Tab Hunter on THE FICKLE FINGER OF FATE

From: TAB HUNTER CONFIDENTIAL
The Making of A Movie Star
by Tab Hunter with Eddie Muller

When Neil and I arrived in Rome, my next new agent, Guiseppi Perrone, sent me straight to Spain for a western called THE CHRISTMAS KID. Arriving in Madrid, I ran into my old waterskiing pal from Lake Arrowhead, Jeffrey Hunter. We swapped stories of Watson Webb, with whom we'd both kept in touch. Jeff was there to make a thriller, THE CUP OF ST. SEBASTIAN. Over dinner and drinks that evening, we hatched a plan.
"What the hell?" we agreed. "The producers won't know Jeffrey Hunter from Tab Hunter. Let's switch movies!"
And we did. Jeff did the western, I did the thriller. No one was the wiser. Nobody was really paying much attention anyway during the production of THE CUP OF ST. SEBASTIAN, including the director, a young American named Richard Rush, who seemed to focus less on the film than on getting laid. To "protect" myself, I rewrote a lot of the screenplay, basically turning it from a lackluster thriller into a lackluster comedy, full of slapstick chases and cases of mistaken identity. When it was released in the United States, THE CUP OF ST. SEBASTIAN was retitled THE FICKLE FINGER OF FATE.
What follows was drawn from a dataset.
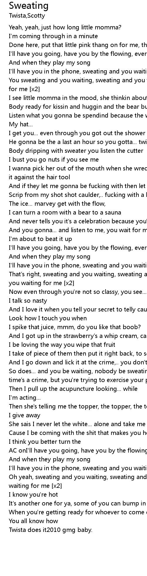 | Oh yeah, sweating and you waiting, sweating and you waiting, sweating and you waiting for me [x2] | |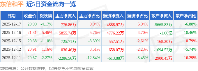 证券之星消息,截至2025年12月17日收盘,东信和平(002017)报收于20.9元,下跌4.17%,换手率6.87%,成交量39.87万手,成交额8.23亿元。

[Neal Noorlag was Tab's traveling companion at the time. As THE CHRISTMAS KID was shot after the production of FICKLE FINGER and after the production of WITCH WITHOUT A BROOM, Tab's version of events is more than suspect - as is his assertion that "the producers" wouldn't know Jeffrey from Tab. While trying to portray "the producers" as ignorant, he also diminishes both Jeffrey's and his credibility as "stars".]